• _DIRECTIONS_:
Search the listing below for the line containing "QCA9008 WIFI CARD". From there through the line containing "Und wieder die", transcribe every line exactly, both ends included.

• _DATA PROVIDED_:
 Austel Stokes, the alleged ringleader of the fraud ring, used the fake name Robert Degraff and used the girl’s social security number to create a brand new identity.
* * *
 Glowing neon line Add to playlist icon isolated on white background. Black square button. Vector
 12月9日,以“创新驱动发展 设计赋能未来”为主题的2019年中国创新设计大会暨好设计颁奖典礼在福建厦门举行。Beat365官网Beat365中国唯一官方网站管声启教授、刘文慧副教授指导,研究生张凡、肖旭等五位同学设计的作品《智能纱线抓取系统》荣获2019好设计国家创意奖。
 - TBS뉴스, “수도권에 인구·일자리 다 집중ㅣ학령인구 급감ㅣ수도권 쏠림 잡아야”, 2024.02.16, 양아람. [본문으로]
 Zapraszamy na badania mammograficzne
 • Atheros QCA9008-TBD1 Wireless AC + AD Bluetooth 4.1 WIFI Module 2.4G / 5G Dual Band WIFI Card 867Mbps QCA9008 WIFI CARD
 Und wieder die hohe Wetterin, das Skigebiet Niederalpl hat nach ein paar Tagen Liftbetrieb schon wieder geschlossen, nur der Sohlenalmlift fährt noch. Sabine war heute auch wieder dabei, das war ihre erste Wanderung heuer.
==
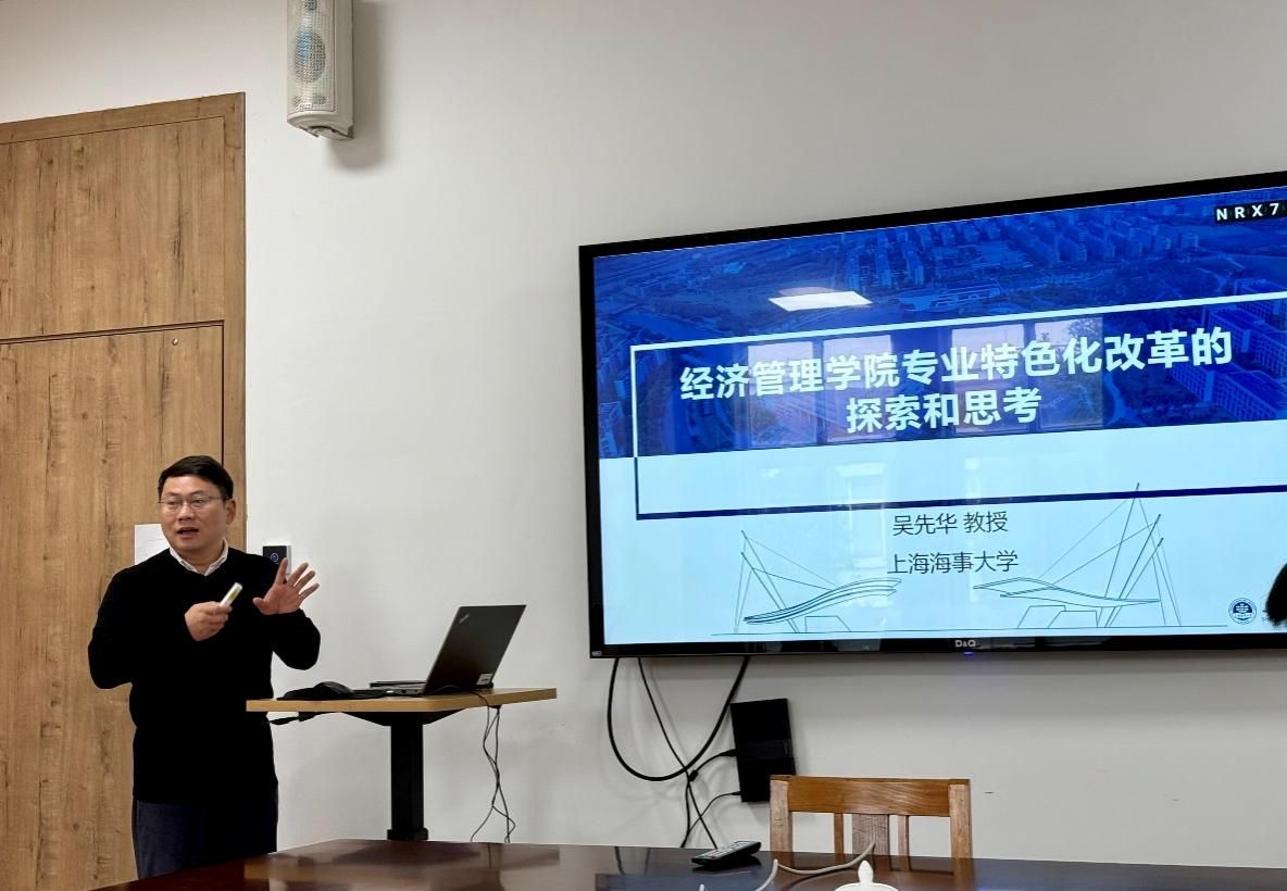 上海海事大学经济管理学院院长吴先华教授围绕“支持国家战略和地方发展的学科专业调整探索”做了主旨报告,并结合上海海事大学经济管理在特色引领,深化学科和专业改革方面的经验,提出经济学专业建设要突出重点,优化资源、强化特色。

• _RESULT OF THIS EXERCISE_:
 • Atheros QCA9008-TBD1 Wireless AC + AD Bluetooth 4.1 WIFI Module 2.4G / 5G Dual Band WIFI Card 867Mbps QCA9008 WIFI CARD
 Und wieder die hohe Wetterin, das Skigebiet Niederalpl hat nach ein paar Tagen Liftbetrieb schon wieder geschlossen, nur der Sohlenalmlift fährt noch. Sabine war heute auch wieder dabei, das war ihre erste Wanderung heuer.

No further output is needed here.